3) Rumors (this would require your feed to be real-time). I'd also probably sell this to stock traders (the idea here is to monitor e.g. forums frequented by GE employees to guess scoop)

OK, so those are basic. More interesting:

4) Organization-tracing. If you can label social graph edges with influence levels / information intakes, you can start playing with predicting organizational decision-making (behavioral economics / game theory ..There's a TED talk about this).

5) Games: procedural content generation that looks really real, i.e. worlds full of people whose identities are plausible, whose interactions with others are plausible, etc.

Those all require some analytical / NLP firepower on a scale which I don't think is really doable at the moment. The problem is that bags of words are meaningless without a social context - the data are pretty worthless unless your computer can figure out who it's important for and why.

"So .. Google have these data. Their hacking chops are not unremarkable. What have they done with it? Well, basically, you can ask for a word and they'll find other pages that feature that word ..."

There's actually a lot more that's done with it. Google Flu Trends. Google Zeitgeist. Google Squared. Google Suggest. Refinements. Spelling suggestions. Sitelinks. Wonder Wheel.
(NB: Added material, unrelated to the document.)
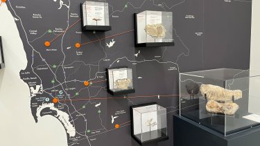 A wall-size map of Southern California with mounted jewel cases containing fossils educates the young and the old by linking the ancient animals to where they were dug up around San Diego County. Photo by Eric S. Page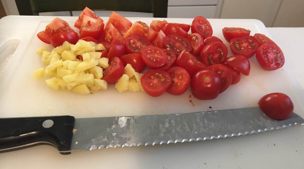 Let it all boil and simmer for about 30 minutes. Then, sift so the soup is clear, without the pieces of vegetables. Then it’s real light soup. But personally I like the pieces and they are good and filling, so if you have not been in Ghana and eaten real Fufu with light soup and know how it should look, it is not wrong if you don´t sift, it is good.

Everything on Labs.

The limiting factor is more the ability to present the data to users without making them confused. It's pretty easy to run an analysis and get some data, but pretty difficult to figure "Okay, what problem does this solve?" and get that data in front of users in a way that actually solves the problem.

If you really think that's all they're doing then you have very little understanding in just how subtly awesome some of the stuff they're doing is.

Peter Norvig does a better job explaining some of it than I ever could. http://www.youtube.com/watch?v=nU8DcBF-qo4

Peter Norvig says exactly what I said in that video.

He says it when he says "... but the computer doesn't understand physics." Why not? The internet knows a hell of a lot more physics than I do.

The statistical stuff is cool, but all you can do with it is fancy accounting. You can never really pull out meaning .. and doing real analogical / inductive reasoning on statistical data sets is hard.

You'll notice that suggestion (4) can only be considered doable because the internet has easily accessible APIs to determine who is real and what organizations they belong to.

While suggestion (5) is not feasible at all at the moment.